Replacing the time derivative with C derivative operator into Eq. (7) and applying the Laplace transform, we get

$$\begin{aligned}& \biggl(\frac{1+\lambda q^{\alpha }}{1+\lambda _{1}} \biggr) \frac{\partial ^{2} \bar{w}(\chi ,q)}{\partial {\chi }^{2}}- \biggl( q^{\alpha }+\frac{1}{K} +{H_{a}}^{2} \biggr) \bar{w}(\chi ,q)=-G_{r} \bar{\psi }(\chi ,q), \end{aligned}$$
$$\begin{aligned}& \frac{\partial ^{2} \bar{w}(\chi ,q)}{\partial {\chi }^{2}}- \Omega _{2} \bar{w}(\chi ,q)= \frac{-G_{r}}{\Omega _{0}} \bar{\psi }(\chi ,q), \end{aligned}$$

where \(\Omega _{0}=\frac{1+\lambda q^{\alpha }}{1+\lambda _{1}}\), \(\Omega _{1}=q^{\alpha }+\frac{1}{K} +{H_{a}}^{2}\), and \(\Omega _{2}=\frac{\Omega _{1}}{\Omega _{0}}\).
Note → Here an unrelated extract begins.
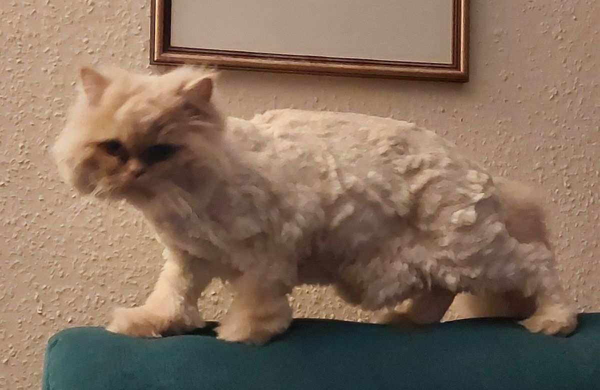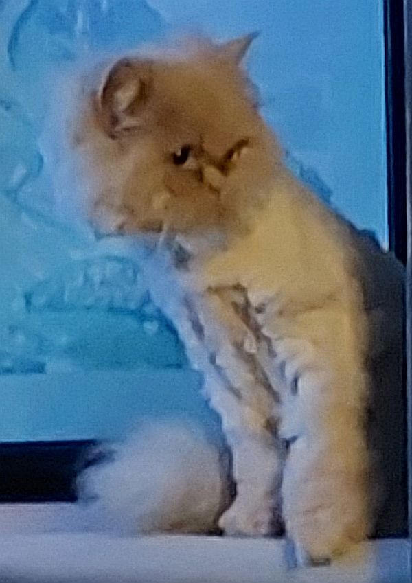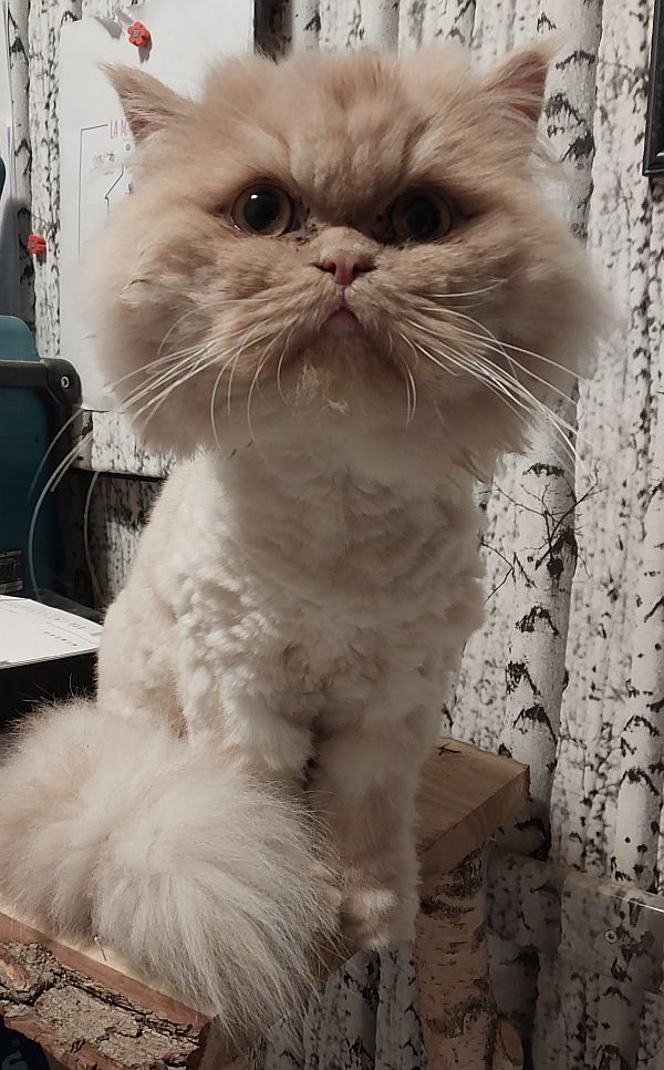 Bella ist eine ausgeglichene, ruhige Dame, deren Äußeres zurzeit etwas ramponiert ist, aber eines der Fotos zeigt, wie sie wieder aussehen wird, wenn das Fell nachgewachsen ist. Eine regelmäßige Fellpflege ist notwendig, damit sie nicht wieder geschoren werden muss. Bitte beachten Sie die speziellen Anforderungen der Fellpflege bei Perserkatzen.

The Laplace transformed boundary conditions are

$$\begin{aligned} \bar{w}(0,q)=F(q), \qquad \bar{w}(1,q)=0. \end{aligned}$$

The solution of Eq. (22) by embedding Eq. (15) in it and then using Eq. (23) gives

$$\begin{aligned} \bar{w}(\chi ,q)={}&\frac{F(q)}{\sinh \sqrt{\Omega _{2}}} \sinh \bigl((1- \chi )\sqrt{ \Omega _{2}} \bigr) \\ &{}+ \frac{G_{r}}{q\Omega _{0} (P_{r} q^{\alpha }-\Omega _{2})\sinh \sqrt{\Omega _{2}}} \bigl(q G(q) \sinh \bigl((1-\chi )\sqrt{\Omega _{2}}\bigr)- \sinh (\chi \sqrt{ \Omega _{2}}) \bigr) \\ &{}- \frac{G_{r}}{q\Omega _{0} (P_{r} q^{\alpha }-\Omega _{2})\sinh \sqrt{P_{r} q^{\alpha }}} \\ &{}\times \bigl(q G(q) \sinh \bigl((1-\chi ) \sqrt{P_{r} q^{\alpha }}\bigr)- \sinh \bigl(\chi \sqrt{P_{r} q^{\alpha }}\bigr) \bigr). \end{aligned}$$

Let us consider

$$\begin{aligned} \bar{w}(\chi ,q)&=I_{1}(\chi ,q)+I_{2}(\chi ,q)-I_{3}(\chi ,q), \end{aligned}$$


$$\begin{aligned} I_{1}(\chi ,q)&=\frac{F(q)}{\sinh \sqrt{\Omega _{2}}} \sinh \bigl((1- \chi )\sqrt{\Omega _{2}} \bigr), \\ & =F(q) \frac{e^{(1-\chi )\sqrt{\Omega _{2}}}-e^{-(1-\chi )\sqrt{\Omega _{2}}}}{e^{ \sqrt{\Omega _{2}}}-e^{-\sqrt{\Omega _{2}}}}, \\ &= F(q) \sum_{k=0}^{\infty } \bigl(e^{-(2k+\chi )\sqrt{\Omega _{2}}}-e^{-(2k+1- \chi )\sqrt{\Omega _{2}}} \bigr), \end{aligned}$$

and further simplification of the above expression as

$$\begin{aligned} I_{1}(\chi ,q)&=F(q) \bigl(D(\chi ,q)-E (\chi ,q) \bigr). \end{aligned}$$

The expression for \(D(\chi ,q)\)

$$\begin{aligned} D(\chi , q)={}&e^{-(2k+\chi )\sqrt{\Omega _{2}}}, \\ ={}&\sum_{k=0}^{\infty }\sum _{n=0}^{\infty }\frac{(-\Omega _{3})^{n}}{n!} \sum _{m=0}^{\infty }\frac{\Gamma (\frac{n}{2}+1)}{m! \Gamma (\frac{n}{2}-m+1) } \biggl( \frac{1}{\lambda } \biggr)^{\frac{n}{2}-m} \biggl(b-\frac{1}{\lambda } \biggr)^{m} \\ &{}\times \sum_{p=0}^{\infty }(-1)^{p} \frac{\Gamma (m+p)}{p! \Gamma m} \lambda ^{p} q^{\alpha p}, \end{aligned}$$

where \(\Omega _{3}= (2k+\chi ) \sqrt{1+\lambda _{1}}\) and \(b=\frac{1}{k}+H_{a}^{2}\).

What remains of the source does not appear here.